By March 28, 2012Legal

Oral Arguments:
Audio | Transcript

All sides faced some tough questions today, and it felt as though the Justices where carrying all 2,700 pages of this massive burden of a law on their shoulders. No choice seemed to satisfy them, so they set out on a search for the best of the worse. Assuming the mandate is unconstitutional, what do you do with all this other “stuff”?

Paul Clement, arguing for the states, was first. His answer is perhaps the most simple of all. Throw it all out and make Congress start anew.

Congress found that the individual mandate was essential to their operation. And not only can guaranteed-issue and community-rating not stand, not operate in the manner that Congress intended, they would actually counteract Congress’s basic goal of providing patient protection but also affordable care.
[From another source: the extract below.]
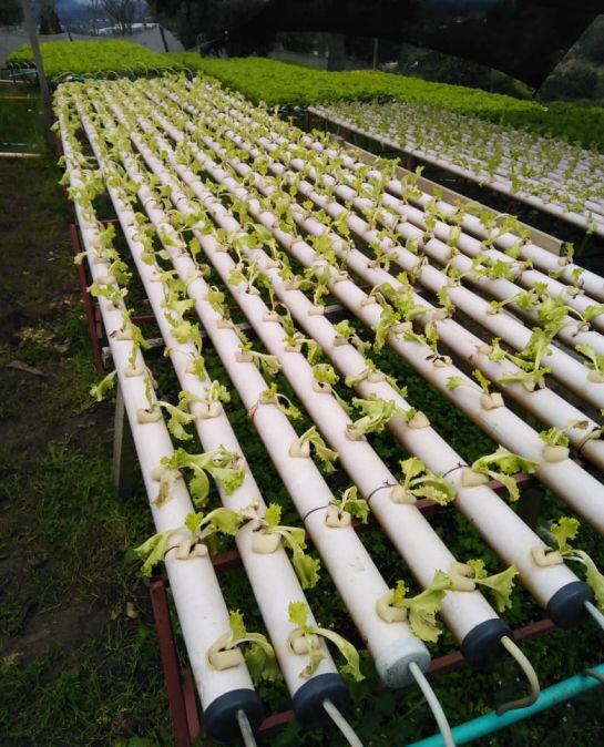 Para los cultivos se necesita una infraestructura sencilla, basada en soportes de madera sobre los que se colocan tuberías de 2 a 3 pulgadas, a las que se les abre huecos con 25 centímetros de distancia entre sí, donde se colocan las plántulas de las lechugas, que compra en una finca cercana.

Justice Sotomayor was especially hostile to the idea of throwing everything out and suggested Congress was best equipped to make the determination of what to do with the rest of the law.

Why shouldn’t we let Congress do that, if in fact, the economists prove, some of the economists prove right, that prices will spiral? What’s wrong with leaving it to — in the hands of the people who should be fixing this, not us?

Clement’s response did not seem to satisfy her:

No matter what you do in this case, at some point there’s going to be — if you strike down the mandate, there is going to be something for Congress to do. The question is really, what task do you want to give Congress? Do you want to give Congress the task of fixing the statute after something has been taken out, especially a provision at the heart, or do you want to give Congress the task of fixing health care?

Justice Ruth Bader Ginsburg also seemed skeptical of his argument:

Mr. Clement, there are so many things in this Act that are unquestionably okay why make Congress redo those?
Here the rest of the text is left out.